The aspiration of shadows
Sunday, August 6
During my run this morning, the powerlines overhead were cast in perfect shadows along the gravel road – a row of five black lines, segmented every twenty-five yards by the shadow of a utility pole. As my own shadow shuffled between the lines, it seemed that I'd become a giant single note playing silently across a sheet of music. It didn’t stop there. On the way back, the gathering heat forced me out of my shirt. I tucked the tee in the back of my waistband. When I emerged from beneath a stretch of trees, I saw the sun had rendered me an animal on its hindquarters, tail bobbing with flight and freedom.
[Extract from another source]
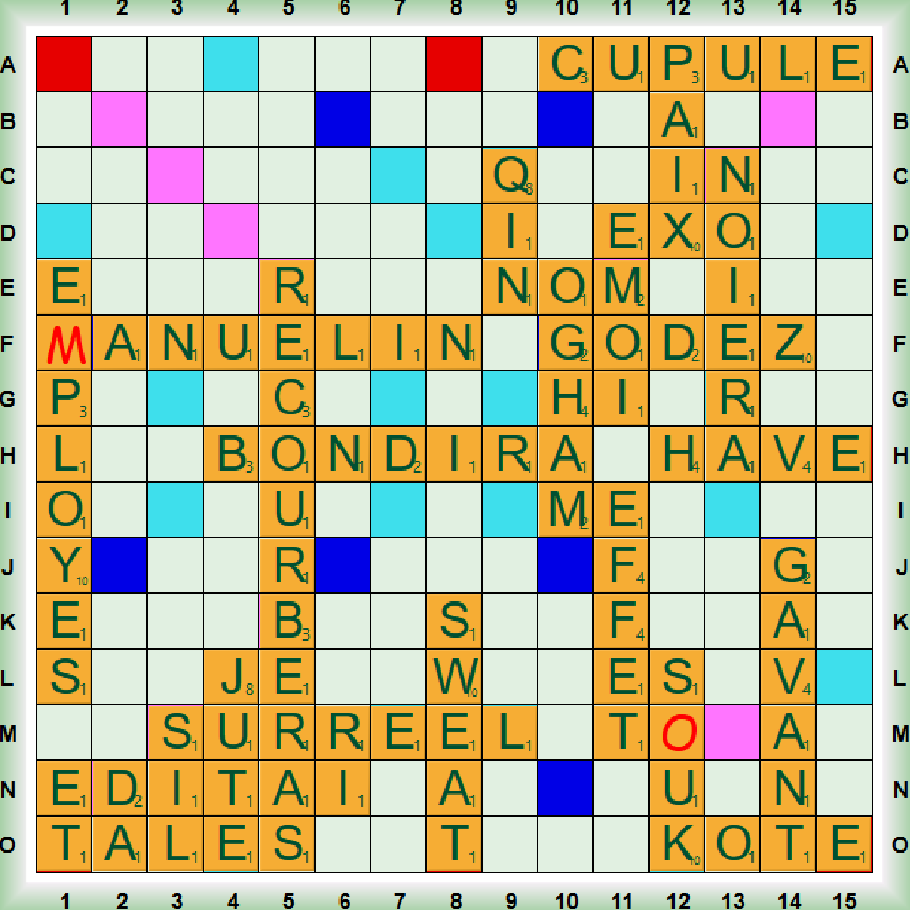 La partie qui un simultané partie normale, démarre avec BONDIR, OGHAM (=OGAM nm la plus ancienne écriture celtique connue), EFFET et les 2 premiers scrabbles RECOURBE et SURRÉEL. Nous jouons SWEAT, JUTE, ÉMOI et les 2 derniers scrabbles (M)ANUÉLIN (MANUÉLIN, E adj style architectural et décoratif complexe du Portugal) et EMPLOYÉS. Nous poursuivons avec PAIX, CUPULE (nf organe enveloppant certains fruits), ÉDITAI, TALES, NOIERA, HÂVE et S(O)UK. Nous terminons avec GODEZ, QIN, KOTE et VASANT (VASER vt queb se couvrir de vase).

Later during an afternoon walk, my eight-pound chihuahua fell under the same spell, his small body casting a massive hunch-backed shadow from the sidewalk into the street – a whip for a tail, axe blades for ears. I am Cerberus, he sniffed at a marigold bush, Hound of Hell. Whoever said the sun was nothing but heat and humidity.
A luxury lawn planter
Friday, August 4
There’s a house in Ferrisburgh that fronts Route 7. A small patch of lawn spills down to the roadway. For months now, a dusty green Jaguar -- of the XJ family, I believe -- has been parked at the lower edge, nose angled at the oncoming traffic. Looks mid-to-late '90s. No license plate, no for-sale sign; weeds creeping up the tires, grass reaching for the bumpers -- consumption at the pace of nature. A truck door, several wood-bed trailers and a rusty farm thresher sit on the slope above. The rareified luxury sedan seems just another piece of junked equipment, its feline hood ornament frozen in mid leap. Jaguar is now owned by Ford, which yesterday widened its historic recall of trucks, SUVs and vans to 6.7 million (due to engine fire). Industry analysts have suggested the faltering motor company, a once holy symbol of American industry, may have to jettison its prestigious Jaguar division to survive. Perhaps one of those analysts lives on Route 7 in Ferrisburgh. Or perhaps Vermonters are just good at sensing turns in the weather.